Sparse Attention Kernel for DeepSeek V3.2 on B200
Implements DeepSeek Sparse Attention (DSA) on B200 Blackwell, fusing FP8 indexer scoring, histogram-based top-K selection, and sparse BF16 attention into minimal kernel launches using TMEM, tcgen05.mma, and page-sorted gather.
The Problem: O(L²) Attention at Long Context
Standard full attention scales as O(L²) in both compute and memory. At L=128K tokens, a single attention head requires 128K × 128K = 16B attention weights — 64 GB at FP16. That's not a compute problem, it's a physics problem.
DeepSeek V3.2 addresses this with DeepSeek Sparse Attention (DSA): instead of attending to all L tokens, each query identifies the k=2048 most relevant KV tokens and computes full BF16 attention only over that sparse subset. The selection uses a lightweight FP8 indexer — a compressed key cache of 132 bytes/token — to score all L tokens cheaply, then picks the top-2048 by score. The result is O(L·k) compute instead of O(L²), with attention quality close to full attention because attention weight distributions are naturally sparse.

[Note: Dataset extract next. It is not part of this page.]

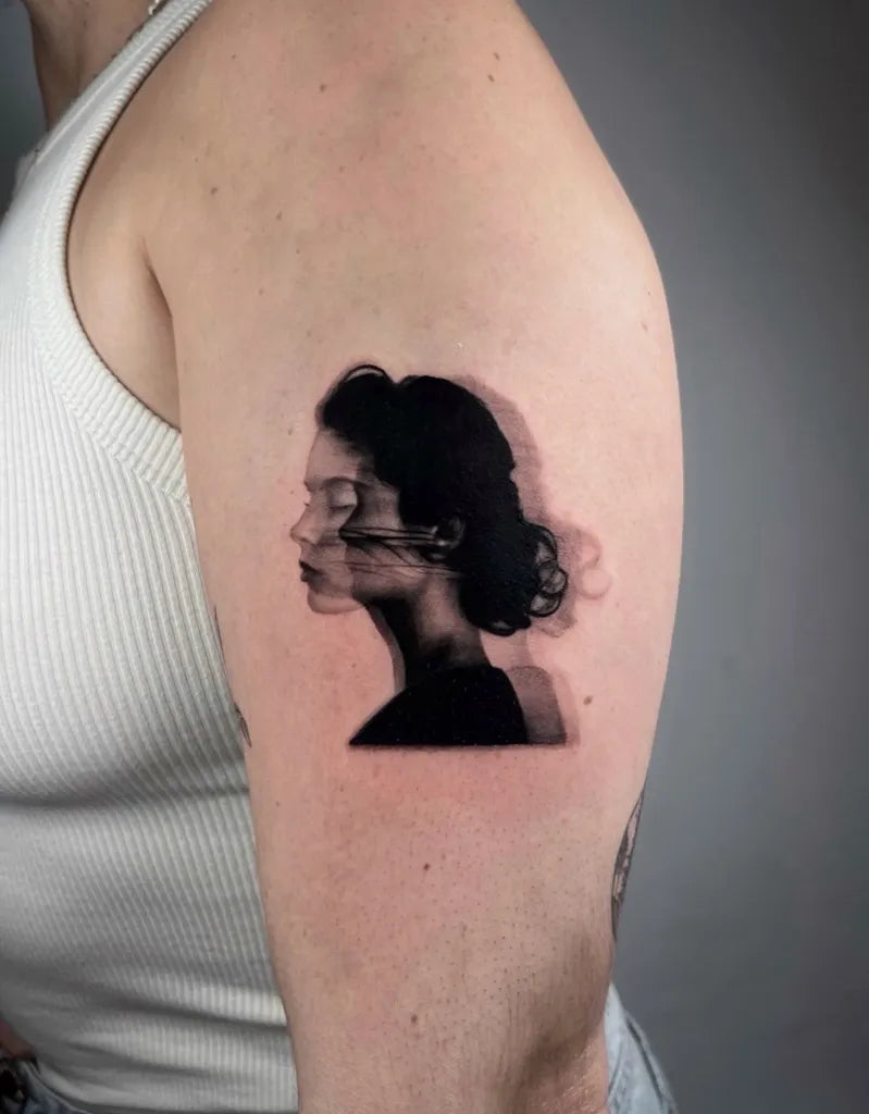 Small Micro Realism Profile Woman Silhouette on Women Arm Tattoo by @nadinee__art

| Metric | Full Attention | DSA Sparse Attention |
|---|---|---|
| Compute complexity | O(L²) | O(L·k), k=2048 |
| KV tokens attended | L (all) | 2048 (top-k) |
| Memory per head (L=128K) | ~64 GB at FP16 | ~16 MB at BF16 |
| Scoring dtype | BF16 | FP8 (132 bytes/token) |
| Top-k selection | N/A | Histogram scan O(256) |
B200 Blackwell: New Architecture Primitives
The kernel targets NVIDIA B200, which introduces a fundamentally different programming model compared to Hopper/Ampere. Two new primitives are central to this work:
Tensor Memory (TMEM)
TMEM is 256 KB of dedicated per-SM accumulator storage, separate from registers and shared memory. Estimated bandwidth: ~100 TB/s — 10× faster than SMEM and unconstrained by the register file. The new tcgen05.mma instruction writes accumulators directly into TMEM rather than registers, eliminating register pressure from accumulation entirely. This is a major win for attention kernels: accumulating Q·K and attn·V results previously competed with live register state for the finite register file.
tcgen05.mma vs Hopper wgmma
Hopper's wgmma (warp-group MMA) requires all 128 threads in a warp group to participate in a single synchronous MMA operation. Blackwell's tcgen05.mma has single-thread semantics — one thread issues the MMA, freeing the other 31 threads in the warp to do epilogue work (softmax, output writeback) concurrently. This enables clean warp specialization without the tight coupling that made Hopper kernels hard to overlap.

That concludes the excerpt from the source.